At the Camden County Golf Academy, a driving range in Pennsauken that's been open since the '70s, Kevin Greene, of Audubon, was hitting balls from a medium-size bucket that goes for $8. He said he planned to try out the Topgolf in Mount Laurel, but won't make going there a habit.

"I've been to the Topgolf in Arizona and it was pretty cool. It's like a bowling alley for golf — you sit there, there's cocktails and food, and people go there to treat themselves. … It's easily a couple hundred bucks," said Greene, who's semi-retired and works in the building trades.

Greene goes to the Pennsauken driving range twice a week.
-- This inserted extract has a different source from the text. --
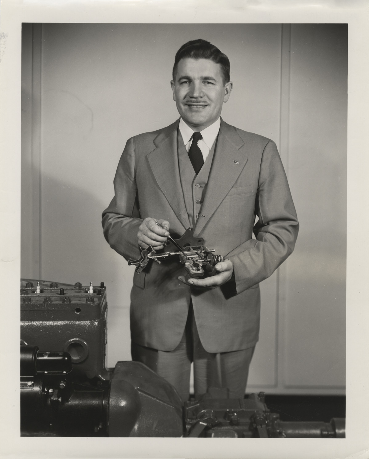 Favorite this☆ Michael Kollins Description: Portrait of Michael Kollins, holding an automobile part. Handwritten on back: "M.J. Kollins, 1948." Details Resource ID: na020052 Subject: Kollins, Michael J. Automobile engineers Photographic prints Date Issued: 1948 Format: 1 photographic print ; 10 x 8 in. Member of: National Automotive History Collection Filing Location: Biography-Kollins, M.J. Rights: Physical rights are retained by DPL. Copyright is retained in accordance with U.S. copyright laws.

The medium-size bucket contains about 70 balls.

Ross Levitsky, a retired lawyer from Haddonfield, also frequents the traditional driving range and said that it feels more like being on a golf course, "out in nature," rather than inside heated bays. It's true that he has to eyeball how close his ball lands to the markers out in the field to determine how well he hit, instead of learning the exact distance that it flew, based on the ball's micro-chip. But he says his own observation is good enough and prepares him for the greens.

At the Pennsauken driving range, golfers tee off in a wide-open area flanked by a man-made lake and then the Cooper River. There's no need for the tall nets that Topgolf has because beyond that lake is a cemetery.

"We don't have to worry about the balls hitting any cars," said Andrew Pierson, director of the golf range.

But the golf range does employ nets, but for another purpose. The errant balls, which are about 15 percent lighter than normal, float to the top of the lake and are later retrieved by workers wearing waders and using scooping nets, he said.

The only other sizable driving range in the area is Fox Meadow Golf Center in Maple Shade, which relies on tall nets to contain the balls because it sits alongside the busy Route 73.  There, a medium bucket goes for $11.

The Topgolf Mount Laurel facility sits close to I-295, a well-traveled highway, and the construction of the project has created a lot of buzz about what the facility is. DeFalco said the company's goal was to create a happy place, and if someone learns to golf from that experience, that would be an added bonus.